Libyans walk the grounds of the burned U.S. Consulate in Benghazi last month.

Libyans walk the grounds of the burned U.S. Consulate in Benghazi last month. Ibrahim Alaguri/AP

U.S. official goes public with criticism of security policy in Libya

Lt. Col Andy Wood led the 16-member special forces team tasked with protecting U.S. personnel in the country.

The State Department insists it didn't cut corners on security in the run-up to the deadly Sept. 11 terrorist attack in Benghazi, but a former U.S. security official in Libya is doing his best to torpedo those claims. For weeks, the State Department has been on defense trying to account for why there wasn't more security at the U.S. compound in Benghazi even as U.S. officials in Libya complained of mounting security threats. Last week, these criticisms were vaguely sourced to "whistleblowers" speaking with Republicans on the House Oversight and Government Reform Committee. Now, it appears that at least one source of those criticisms is showing his face: Lt. Col Andy Wood. 

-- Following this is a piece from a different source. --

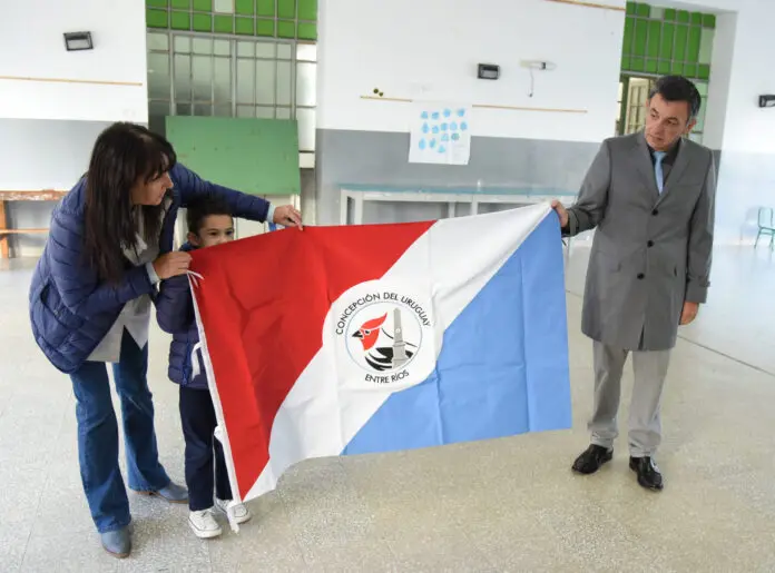 La Municipalidad continúa entregando banderas de ceremonia de Concepción del Uruguay en las escuelas. Durante la semana pasada, el intendente Martín Oliva se las entregó a las comunidades educativas de las escuelas “Justo José de Urquiza”, “Pedro Ponce de León” y “Recuerdos de Provincia”.

Wood led the 16-member special forces team tasked with protecting U.S. personnel in Libya. and this morning, two stories critical of the State Department were sourced to Wood, one by ABC News and another by CBS News. The first features Wood hitting the administration hard on its refusal to increase security personnel in the country prior to the attacks. "We tried to illustrate ... to show them how dangerous and how volatile and just unpredictable that whole environment was over there. So to decrease security in the face of that really is ... it's just unbelievable," Wood told Attkisson in a sit-down interview. When Wood discovered that his 16-member team and a six-member State Department elite security team was being pulled from Tripoli in August, he said it felt "like we were being asked to play the piano with two fingers. There was concern amongst the entire embassy staff."